Özgürleştirilen baskı aygıtları karşısında özgür insan
Demokrasinin doruğunda değil miyiz? Muhtarlardan belediye başkanlarına ve milletvekillerine artık kimseyi seçmek zorunda kalmayacak halk daha ne isteyebilir? Hem de bütün risklere rağmen iktidar seçim yaparken. Hem seçim olacak hem de yanlış kişi seçilirse siyasal iktidar bu kişiyi görevinden alıp yerine bir memurunu atamak ile uğraşacak. Bu kadar geniş bir özgürlük alanı dünyanın neresinde olabilir?
Türkiye’de özgürlük konusunda iktidar ve yancı cephelerden gelen açıklamalar ilgiyi hak ediyor. İlk ilgimi çeken açıklama, Perinçek’in Türk yargısının son elli yılın altın çağını yaşadığı şeklindeki açıklamasıydı. İktidarın hükümet kanadından da yargının en bağımsız ve en tarafsız dönemini yaşadığına dair açıklamaları sıkça duymaktayız. Savunmasından dolayı bir avukatı tutuklatan hakimin özgür olmadığını söylemek mümkün mü gerçekten? Ya da kendi üyesini Anayasaya ve mahkemenin kuruluş kanununa rağmen sosyal çevre ilişkilerini kanıt sayarak üyelikten atan Anayasa Mahkemesi özgürleştirilmemiş midir? Brunson davasında gizli tanıklar özgürleşip ifadelerini geri çektikten sonra mahkeme özgürce karar vermedi mi? Pazarlık özgürlüğü mahkemelere işlemiyor mu? Barış Akademisyenleri yargılamasında avukatı beklemeden duruşmaya başlayan, tutuklama tehditleri savuran hakimler? İddianame hazırlamak için hiç acele etmeyen aylarca hatta yıllarca bekleyen savcıların gerçekten özgür olmadığını mı düşünüyoruz? Ülkemizde görülen her siyasi davada yargıçlar ve savcılar uymak zorunda oldukları hukuktan ve vicdanlarından özgürleştirilmediler mi? Yüksek yargıçlar saraya kalkan özgürlük otobüsüne binmek için birbirlerini itmediler mi? Karadeniz’in yaylalarında iç huzuruyla çay toplarken özgürlük değil miydi soludukları hava?

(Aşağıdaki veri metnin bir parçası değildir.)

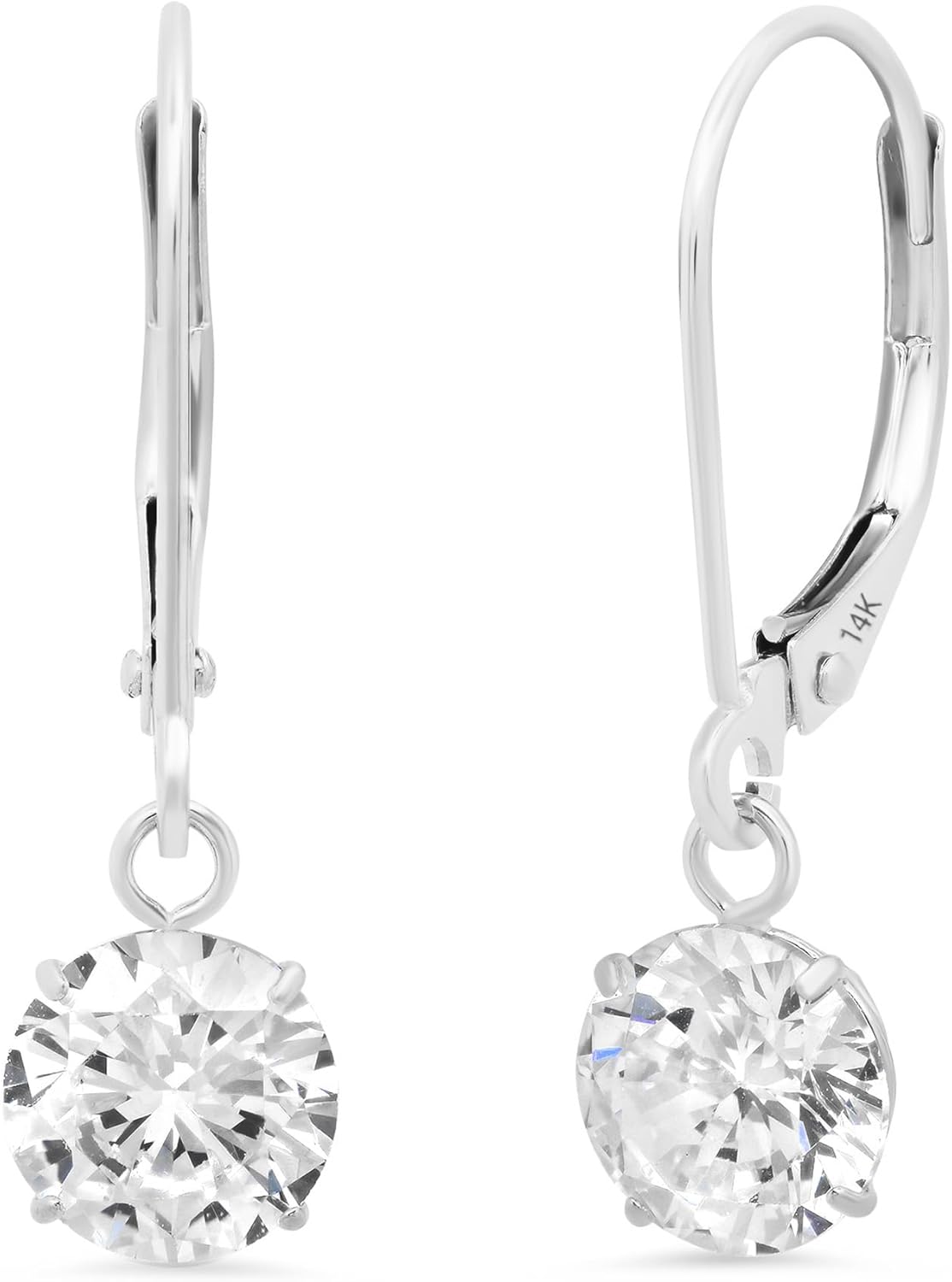 14k Gold Leverback Cubic Zirconia Dangle Earrings | Solid Real White or Yellow Gold Dangle Earrings for Women | 1-8 CT.TW 14k Gold Earrings for Women | CZ Cubic Zirconia Drop Earrings by MAX + STONE

AKP Genel Başkanı ve Cumhurbaşkanı Erdoğan’ın Türk üniversitelerinin en özgür dönemini yaşadığı iddiasını neden ciddiye almayalım? Daha dün, 16 Ekim 2018’de, özgür bir dekan Mülkiye’de bir yıldır hazırlıkları süren bilimsel kongrenin bir bölümünün iptali pahasına, özgürleştirici Dışişleri Bakanı’nı ve özgür rektör İbiş’i fakülteye davet ederek toplantıya katılmak isteyen bütün öğrencilere güvenlik soruşturması yaptırmadı mı? Özgür Rektör İbiş’in oğlu tesadüfi bir kontenjan artırımı ile Tıp Fakültesi’ne yatay geçiş yaptırılmadı mı? İbiş bu özgürlüğün havasını iktidar partisinin siyaset akademilerinde solumadı mı? Özgür rektör, Mülkiye’yi eleştiriden, bilimden, özerk üniversite idesinden özgürleştirmedi mi? Ege Üniversitesi’nde büyük özgürleştirici için yapılan ritüel nedeniyle otoyola dizilen öğretim üyeleri, özgürlüğe geçiş yapmadılar mı? Ailelerine üniversite kuran bütün rektörler hukuktan; atıf çetelerine makale göndererek rütbe elde eden bütün akademisyenler akademik teamüllerden özgürleşmedi mi?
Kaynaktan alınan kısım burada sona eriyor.